Crist argues that health insurance costs are so high in Florida because state government requires insurers to guarantee expensive procedures and lengthy hospital stays. By lifting some mandates, the government allowed six insurance companies to offer less expensive Cover Florida plans.

But since the government still helps ration benefits in Cover Florida, some question the conservative bonafides of Crist's plan, which is outlined on the website coverfloridahealthcare.com.

Two types of plans are available, catastrophic and preventive. Some plans have average premiums as low $50 a month. Others have deductibles as high as $5,000.
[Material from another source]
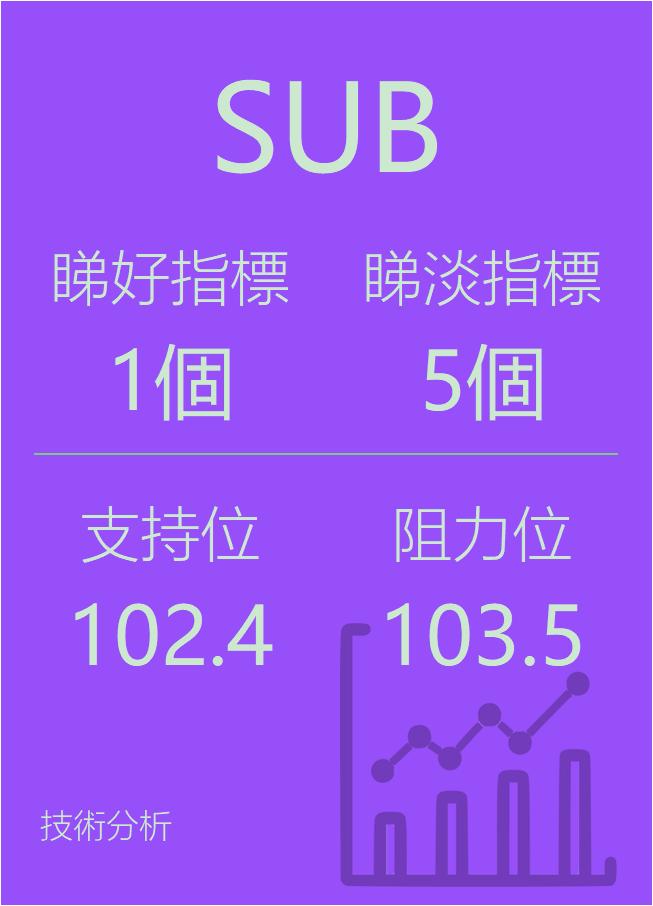 美股个股指标分析-$iSharesS&PShortTermNational(SUB)$看好指标1个,看淡指标5个。支持位102.4,阻力103.5,仅供参考。相关证券:iSharesShort-TermNationalMun(SUB)

But for some Floridians, the costs might still be too high. For others, the limited services might not be worth the price, said R. Paul Duncan, a professor and director of the University of Florida's Department of Health Services Research, Management and Policy.

``Part of the problem is that when people think about insurance, they think about comprehensive coverage,'' Duncan said. ``So when they see limited coverage to accomplish a price reduction, they add it up and say, `I don't think so . . . If I'm going to buy insurance, I want it to completely cover me.' ''

SOME CREDIT OWED

But Duncan says Cover Florida deserves some credit, noting: ``If people are going from nothing to something, that's better than nothing.''

Crist says his proposals became instant successes the moment they helped one person.

Crist's campaign website gives scant indication of the limited enrollment in Cover Florida.

``I signed into law a nationally recognized, market-based health care program to provide low-cost health insurance for nearly four million uninsured Floridians,'' it says.